Effects of exercise training on the paraventricular nucleus (PVN) in spontaneously hypertensive rats (SHRs). Exercise training (T) decreases angiotensinogen immunoreactivity (Aogen ir; A) content and causes a prompt and maintained (from second up to eighth week of training) reduction on FITC-10 kDa (green) extravasation from capillaries (rhodamine-70 kDa, red) into the brain parenchyma (B). Simultaneous intracerebroventricular infusion of angiotensin II in trained SHRs blocks the beneficial effects of training observed in saline-infused SHRs (C) and augments microglia activation in the PVN (IBA1 immunoreactivity; D). [Modified from Chaar et al. (23) and Buttler et al. (17) with permission.]

Fig. 4.

Effects of a 2-wk exercise training (T) period on baroreceptor reflex control of heart rate (HR) in the spontaneously hypertensive rat (SHR) model.

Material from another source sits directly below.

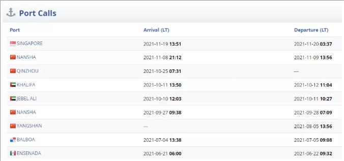 數(shù)據(jù)顯示,該集裝箱船服務(wù)于業(yè)界知名的亞洲-西非航線Asia-WestAfrica(WAE),掛靠上海、寧波、蛇口、南沙等眾多國內(nèi)港口以及最大的國際中轉(zhuǎn)港——新加坡港。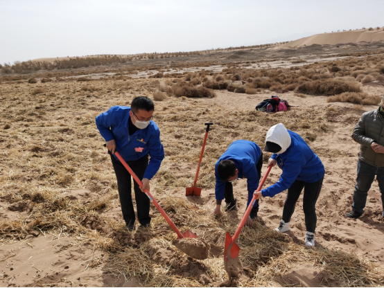 公司志愿者學(xué)習(xí)打草格、種梭梭樹

Right: sequential events induced by exercise training on local blood-brain barrier (BBB), the brain renin-angiotensin system, paraventricular nucleus intracellular signaling pathways, and neuronal activity-driven changes on baroreflex sensitivity (BrS). The baroreceptor function curve of sedentary normotensive rats (WKY-S) is shown for comparison. HR, heart rate [in beats/min (bpm)]; MAP, mean arterial pressure; Aogen ir, angiotensinogen immunoreactivity; PICs, proinflammatory cytokines; SNA, sympathetic nerve activity; PSNA, parasympathetic nerve activity; SAP, systolic arterial pressure; PI, pulse interval. *P < 0.05, vs. WKY-S; †P < 0.05, vs. SHR-S. [Modified from Masson et al. (116) with permission.]